Set a target time and goal for each workout before you get started. During your workouts, stick to your plan — on an interval day, give it all you’ve got, and on a recovery day, hold back so you will be stronger during your next workout.


The more muscle you have, the more efficient you’ll be at metabolizing (burning calories), and the more power you’ll have to excel during any type of workout. Incorporate strength training into your workout plan two to three days a week. Even short 20-minute strength workouts can make a difference in your performance over time; just make sure to perform these abbreviated workouts before your cardio workout and after a 5-10 minute warm-up. If you’re new to strength training, select a strength modality that you’ll look forward to incorporating into your workouts. Free weights, tubing, body weight, suspension training, and selectorized machines are all great options.

If you’re getting bored on your favorite cardio machine or if you’ve stopped seeing results, try these easy suggestions to reinvigorate your favorite equipment.


Avoid off-loading your body weight on to the equipment. Many times, exercisers will make things easier on themselves by holding onto the rails of a treadmill as the incline increases, or leaning forward on an elliptical machine’s handlebars during a high-resistance phase of a workout. Although it may feel like you’re working hard because your step count, resistance or angle are high, you’re cheating yourself out of the best workout possible by reducing your overall power output and the challenge on your core and stabilizer muscles.


Use the workouts built into your cardio equipment — these are named in line with their training intent. If you want a longer workout, stick to a fat-burning routine, which burns the highest amount of calories. Or if you want a short and sweet workout, focus on a high-intensity workout, but be sure to avoid over-training.


Build a workout playlist that alternates high-tempo and low-tempo songs. Try to match your steps or revolutions with the beat. For high-tempo songs, reduce resistance or flatten your incline and work faster. For low-tempo songs, increase resistance or incline.

Here are a few tips for mixing it up on the most popular types of cardio equipment at the gym:

  • Elliptical and Variable Stride Trainers — Keep your muscles guessing by adjusting your body position and training direction. Squatting, mixing intervals and training in a reverse direction are all great ways to encourage muscle confusion and develop strength. Reverse direction training also typically burns more calories, since our bodies are less familiar with this type of movement.
  • Treadmill — Develop strength by increasing the incline, and build speed by adding short decline intervals. For HIIT training, increase the incline on your treadmill, select pause, and perform short sprints using only your own power. This kind of workout is challenging, so you’ll probably be ready for a break after about 10 seconds of work.
  • Bike — Keep an eye on your power output, usually displayed as watts, and alternate workouts that maintain constant power with workouts that base intervals on power output. This will be an effective way to push intensity, whether you’re spinning faster at a light resistance or pulling slower at a high resistance.

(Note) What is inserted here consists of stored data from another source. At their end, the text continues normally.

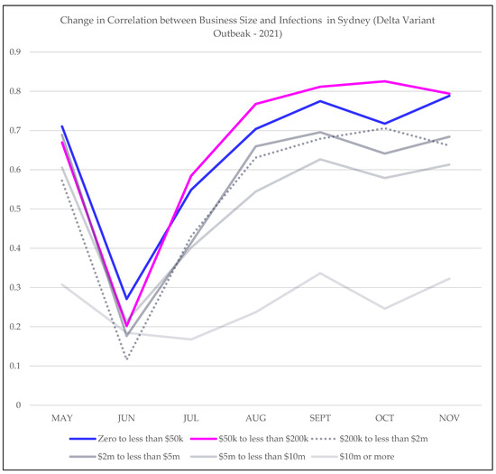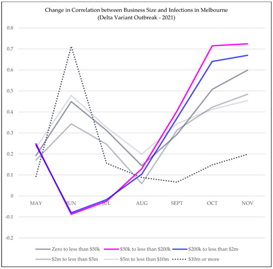 Moreover, the correlation between business and the Delta Variant also varied according to income. Surprisingly however, very small construction businesses with incomes between AUD 0 and AUD 50,000 were only moderately at risk (ρ = 0.5), while small business with incomes between AUD $50,000 and AUD $200,000 (ρ = 0.7) and AUD $200,000 and AUD $2,000,000 (ρ = 0.6) bore the highest risk of infection. Medium-sized companies earning AUD $2,000,000 to AUD $5,000,000 (ρ = 0.4) and AUD $5,000,000 to AUD $10,000,000 (ρ = 0.4) were weakly correlated with disease, and, as expected, large companies earning over AUD $10,000,000 (ρ = 0.1) were very weakly related to the spread of infections in LGAs.
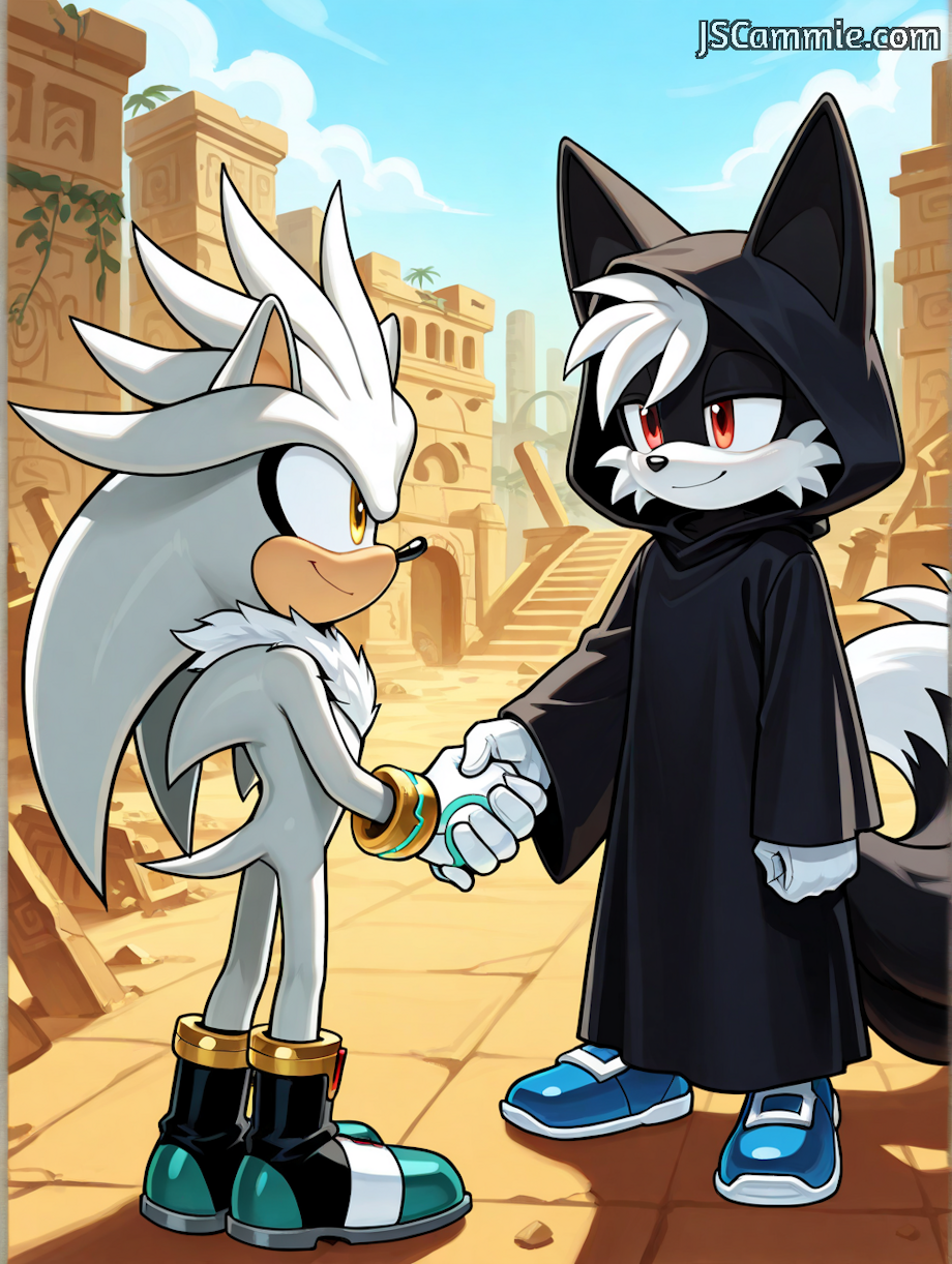 Ch. 1 Act 2 - A morph is on the loose stirring up trouble. GUN thinks it's Kosmo, but the troublemaker is Nova. Here he is in the Mystic Ruins, working on his secret teamup with Jak the echidna of the Nocturnus tribe.
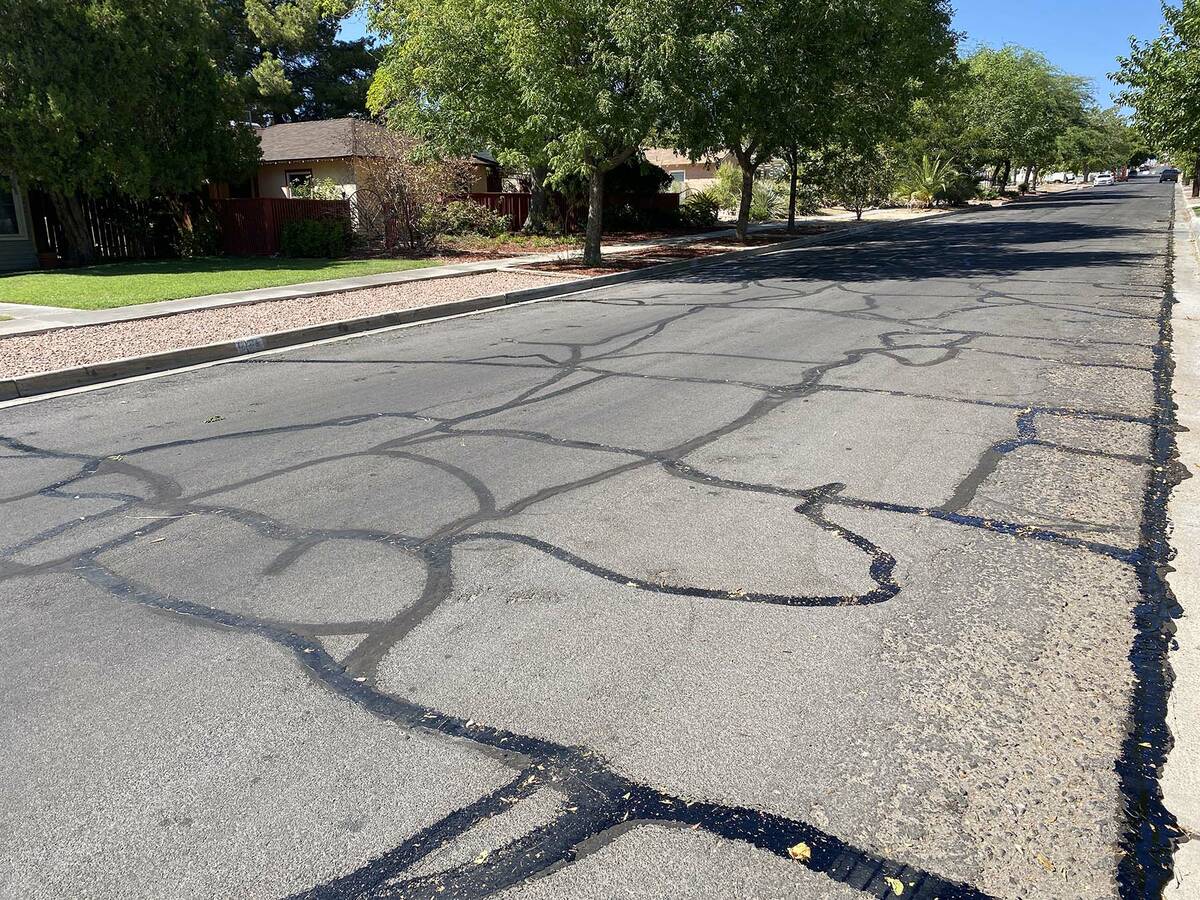 Repairing cracks is something we need to do around our homes as well. Keegan Littrell, Public Works director for Boulder City, sums it up perfectly: “Much like roads, you should protect your own property from cracks. Moisture from rain and ground seepage can lead to weed growth, ruin foundations, masonry, sidewalks and driveways.
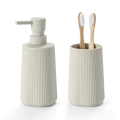 ZCCZ Bathroom Accessories Set 4 Pcs, D茅cor Bathroom Vanity Countertop Accessory Set with Soap Dispenser, Toothbrush Holder, Bathroom Tumbler and Soap Dish
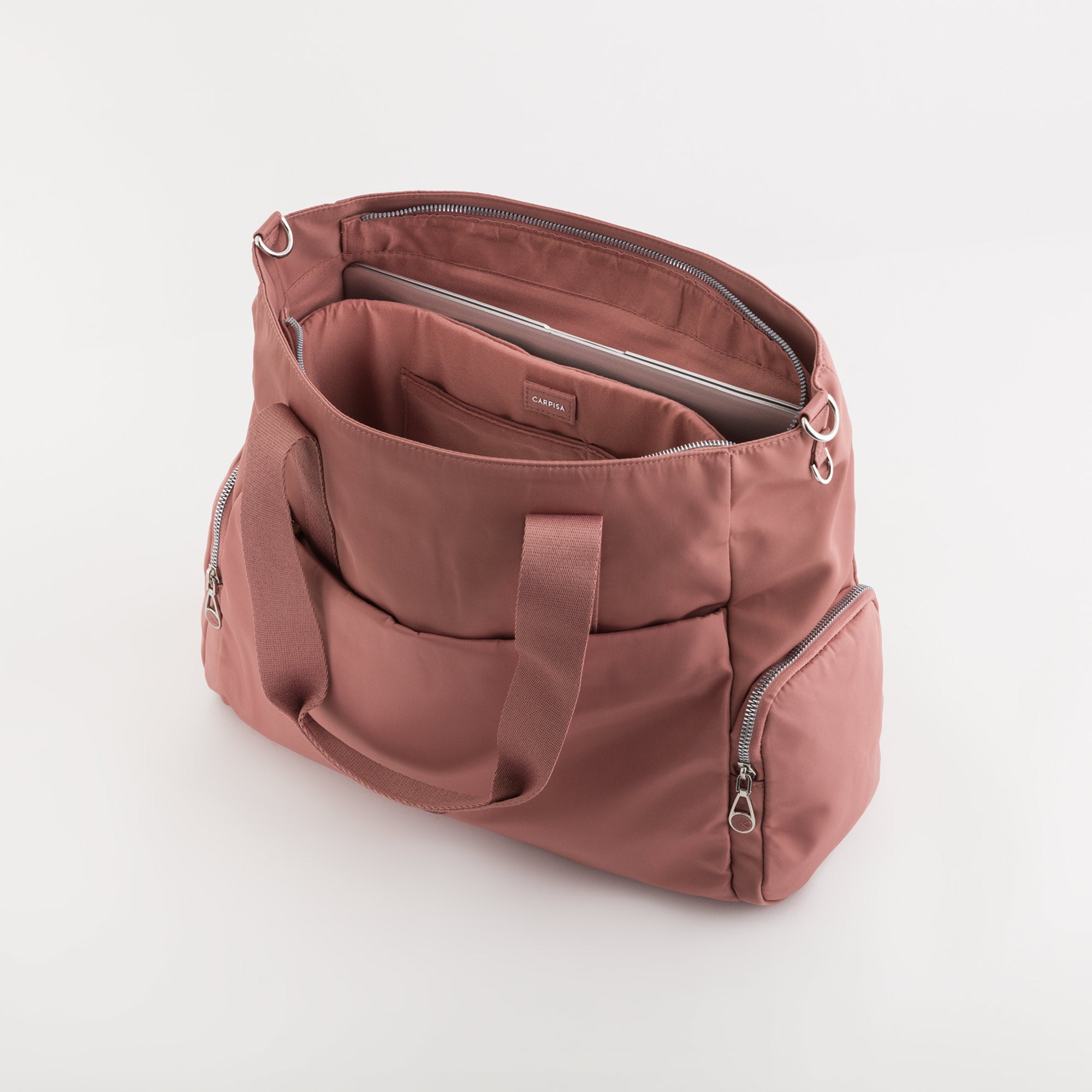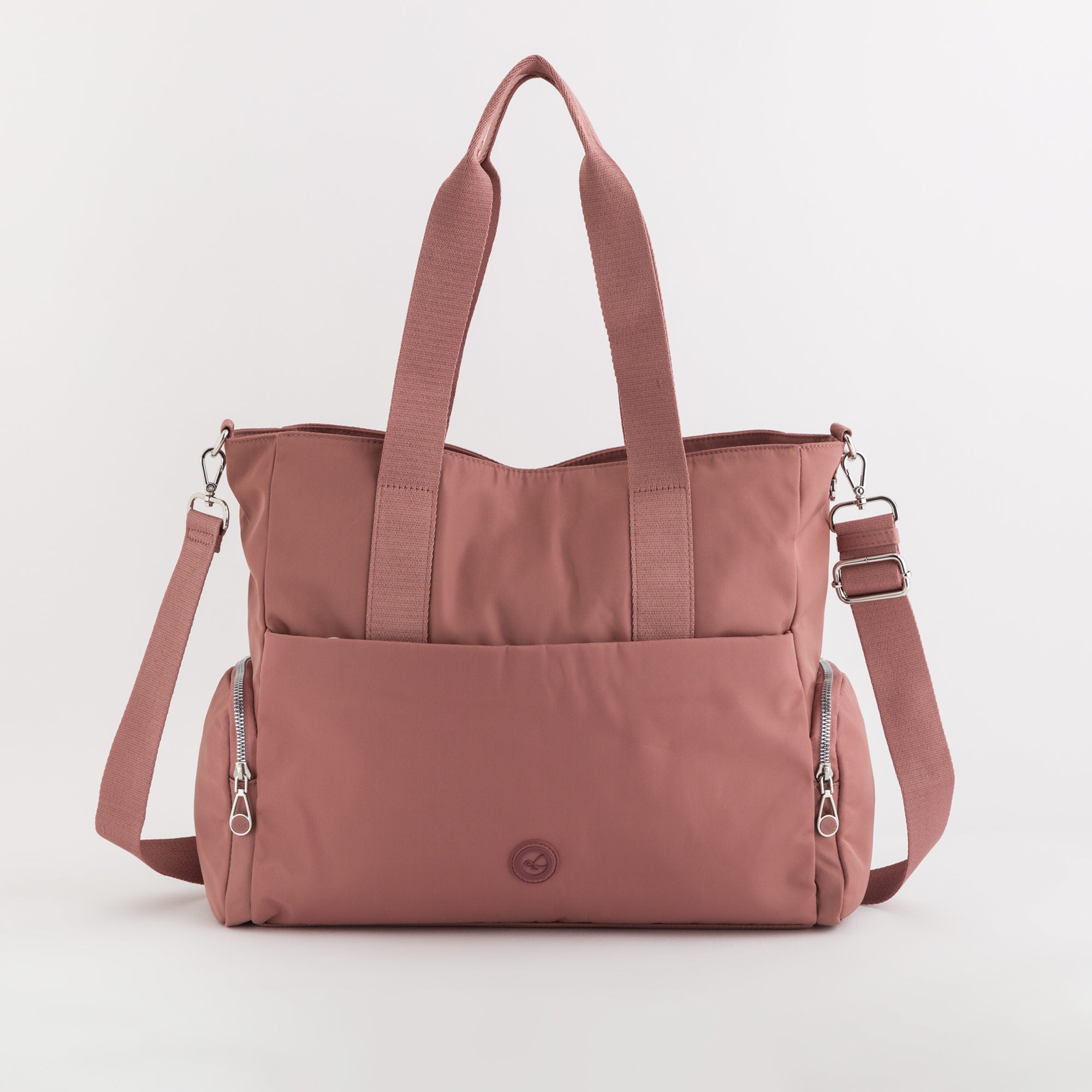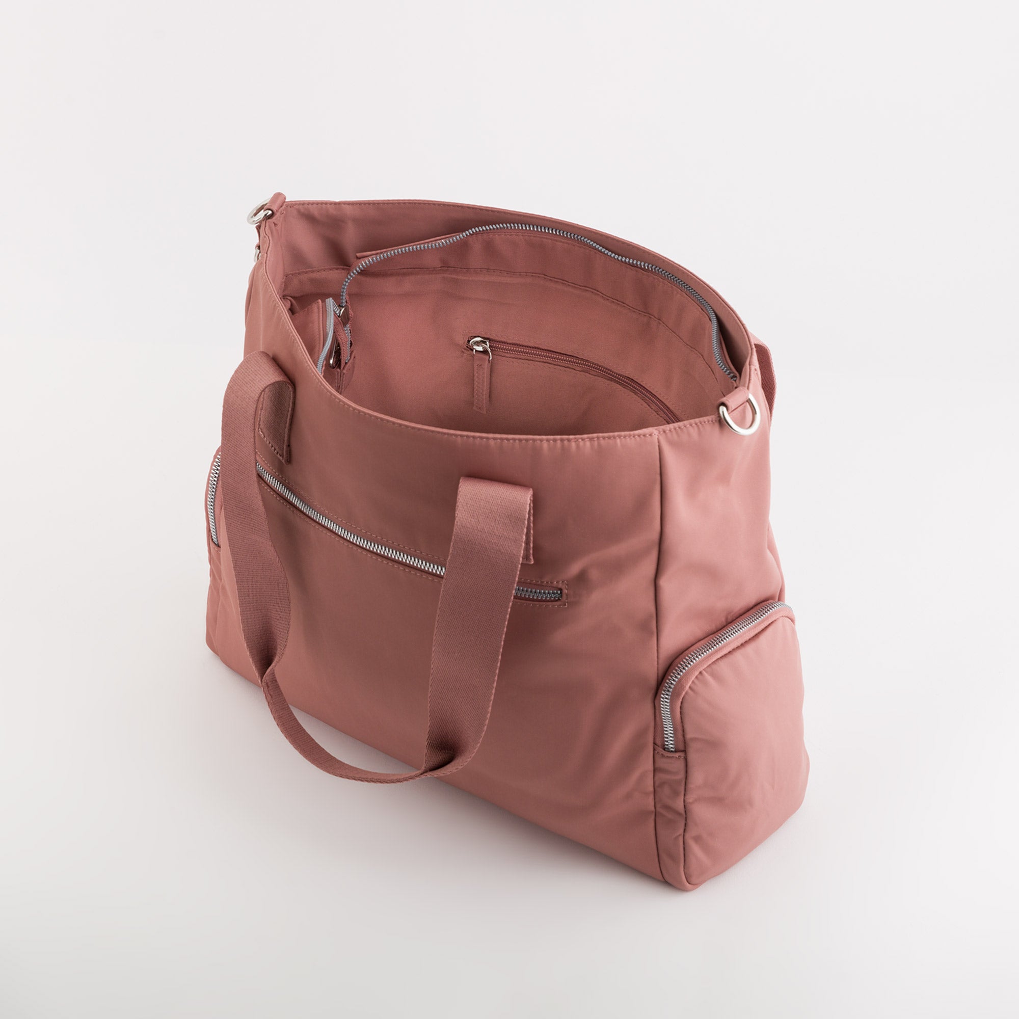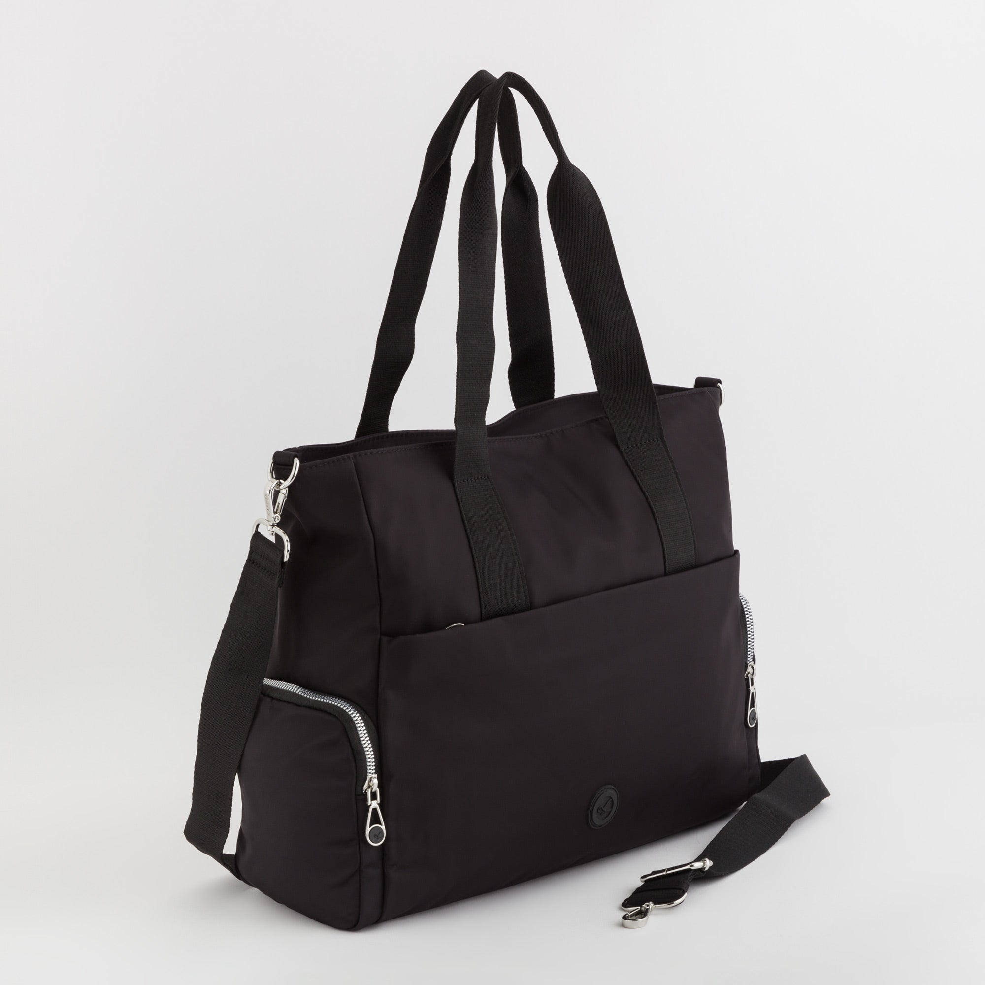 Le modèle est doté d’une fermeture zippée, de quatre poches intérieures, de quatre poches extérieures (une à l’avant, une à l’arrière et deux sur les côtés), de larges poignées et d’une bandoulière réglable et amovible.

Cardio equipment is always a great option for getting a great cardiovascular workout, but try these alternative exercise methods to get even more out of your training:


Taking a group exercise class is a great way to try out a new activity with friends and challenge yourself — research shows exercisers push themselves harder when working out in a group.


Circuit training using strength equipment or body weight exercises (traveling through a strength circuit with little rest between stations) is a great way to elevate the heart rate, develop muscular endurance and strength, and create new experiences in the gym.